The NPD leadership don't have well-defined media personalities: simply put, no-one knows them nor can they remember, after seeing them, who they are. This is not true of the leaders of the populist parties - men and women such as Farage, Le Pen, Wilders, Åkesson - who are memorable, and well-presented. Compared to them Voigt looks scruffy and ordinary; he reminds everyone of their father. What a contrast Frauke Petry of the AfD presents. It's a great advantage when your party is headed by such a well-dressed, and distinctive, woman.
Oddly enough, the populists - with their understanding of the visuals of politics and politicians - stand closer to Hitler and the NSDAP than the NPD.

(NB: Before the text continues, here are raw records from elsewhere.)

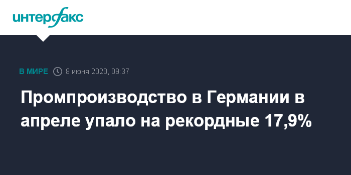 Москва. 8 июня. INTERFAX.RU - В апреле объем промышленного производства в Германии рухнул к марту на 17,9%, свидетельствуют данные Министерства экономики и труда ФРГ. Это максимальные темпы снижения с начала ведения расчетов в 1991 году.
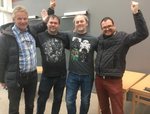 Gull- sølvlaget fra innbyrdes oppgjør i runde 7. Fra venstre Thomas Charlsen, Jan Petter Svendsen, Thor Erik Hoftaniska og Erik Sælensminde
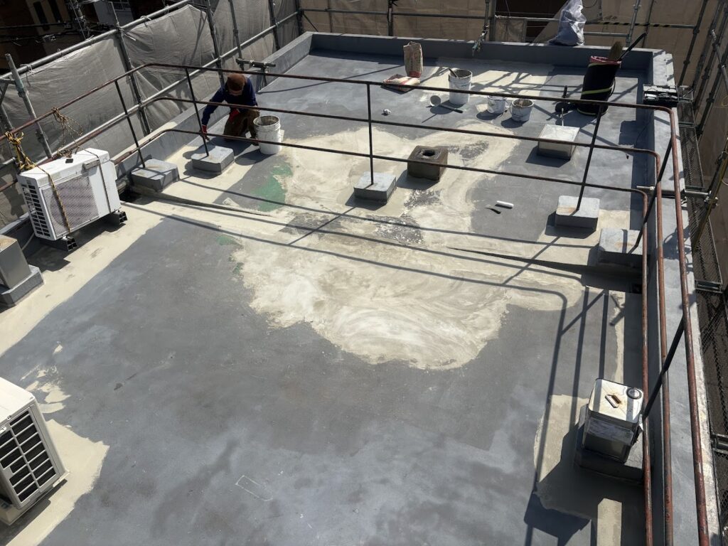 上記事項はお施主様との相談の上、隣地の目立たない部分の打ち放しコンクリートパターン描きを辞め、この予算を屋上の下地処理に充てさせて頂くこととなりました。
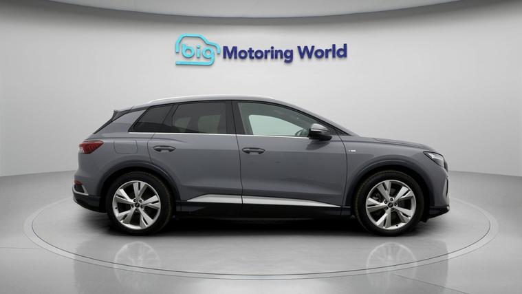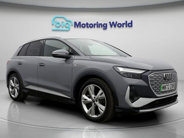 Our Audi Q4 e-tron is finished in Grey. Specification includes a range of fantastic features including £500 towards your finance deposit, Apple CarPlay, Lane Assist, S Line Body Styling, Android Auto, Satellite Navigation, Privacy Glass, Heated Seats, Bluetooth, Parking Sensors Specification information is supplied by CAPHPI and may vary to the actual car. This data does not form any part of a buying contact. Please check specification prior to purchase in-store. The MOT is valid until December 2026, visit dealer's website for more photos, a 360 tour, service history and a free HPI report.

2) No uniforms. The NPD has badges, banners, flags, drums, bugles, just like the NSDAP, and does marches and rallies just like the NSDAP. But it doesn't do salutes, doesn't wear uniforms and doesn't structure itself as a paramilitary organisation. It can't do those things because of the law. One might say that this is a good thing, because very few groups can wear a fascist-type uniform with panache and style, and besides which, wearing uniforms - LARPing, as Colin Liddell, a foe of National Socialism, contemptuously calls it - distracts from the doctrine, the politics.
But the fascist doctrine is embodied in the uniform, and the salutes, and the paramilitary ranks. Men in civilian clothes, in business suits, won't bring about Yockey's 'Age of Authority' (that is, age of fascism).

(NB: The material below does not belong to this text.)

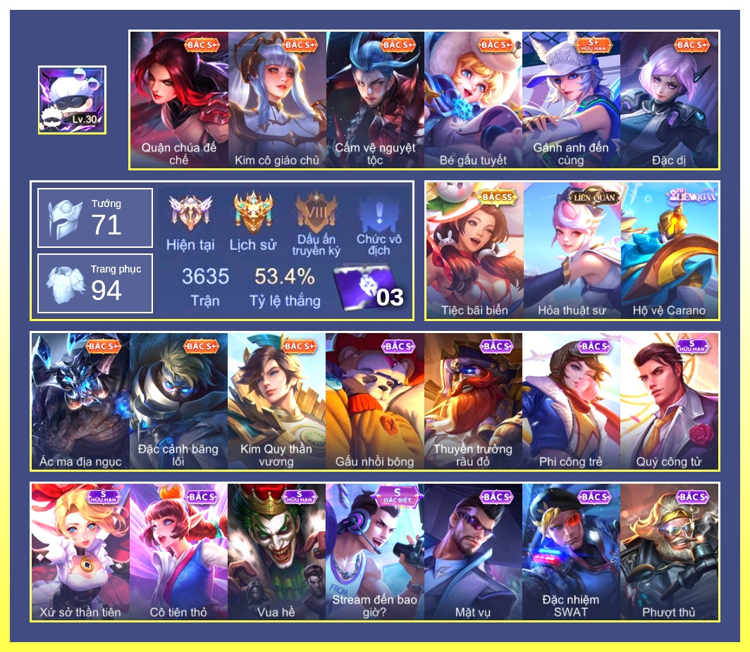 Hình ảnh chi tiết của tài khoản Liên Quân #31544

I sometimes ask myself what would happen in Germany were the uniform ban, and the salute ban, lifted. The German nationalists would go back to wearing uniforms in a thrice. Perhaps they wouldn't look good; perhaps the Germans don't have the fashion sense that they did seventy years ago. As one British journalist put it, 'WWII was the last time the Germans dressed well'. But maybe the NPD would manage to pull it off - and enjoy tremendous success.
3) The constitutional order. The trinity of nation, state and party lay at the heart of the National Socialist doctrine, and the Führer - with his special (one might say mystical?) - insight into the minds and hearts of the German people serve to mediate the three. This is the rationalisation, the justification, for the constitutional arrangements adopted by Germany in the years from 1933 to 1945 - arrangements which differ radically from today's and which give National Socialism its character.

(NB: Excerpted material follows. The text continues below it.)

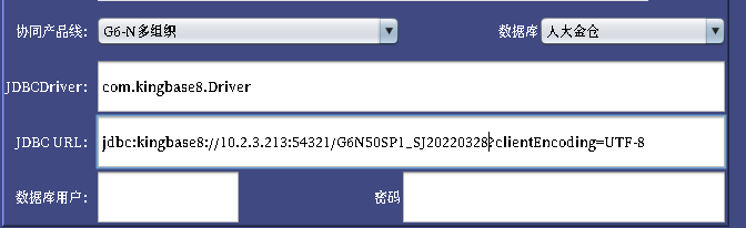 JDBC URL修改ip为需要升级的数据库ip,端口对应数据库的端口,人大金仓数据库,请修改后面的数据库名,达梦数据库需根据实际创建的实例名修改SEEYON的值(如果不确定,请参考中间件中的JDBC配置中填写的内容)
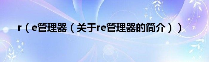 大家好,r e管理器,關于r e管理器的簡介很多人還不知道,現在讓我們一起來看看吧!

We know that the NPD don't think much of the present political system and the Grundgesetz, or Basic Law, imposed on Germany by the Allies and their collaborators: the NPD can't attack the Bundesrepublik openly, but it's safe to assume that their feelings towards it are negative. The question is, would they replace it with the old legal, constitutional system which existed before Germany's defeat - with the essentials of that system at least? Would the offices of the chancellor and president be combined into one; would all other political parties be abolished; would the parliaments of the Länder (states of Germany) be abolished; would Germany become a state with parliamentary elections for candidates one party only... Enquiring minds want to know.
I myself favour Germany returning to the old ways, simply because the system as it stands now doesn't work anymore - if it ever did - and can't be saved. (Or more accurately, it won't be saved: to amend the Basic Law, a majority of votes from the Länder are required, and such votes for an amendment - to deal with the Merkel problem - won't be happening any time soon).
Three alternatives exist: Germany can stay where it is, Germany can turn back to the old days of the NSDAP, or Germany can turn back to the old days of the KPD and SED. (Perhaps a fourth possibility exists: Germany can become an Islamic state under shariah law).
I much prefer the second option to the others. German nationalist intellectuals have to make the case for it. With his brilliant analyses of the Weimar constitution in the 1920s, Carl Schmitt exposed its flaws for all to see, and helped - inadvertently - to weaken Germany's faith in Weimar. Perhaps some modern nationalist intellectual could perform the same service with the Basic Law and the Bundesrepublik.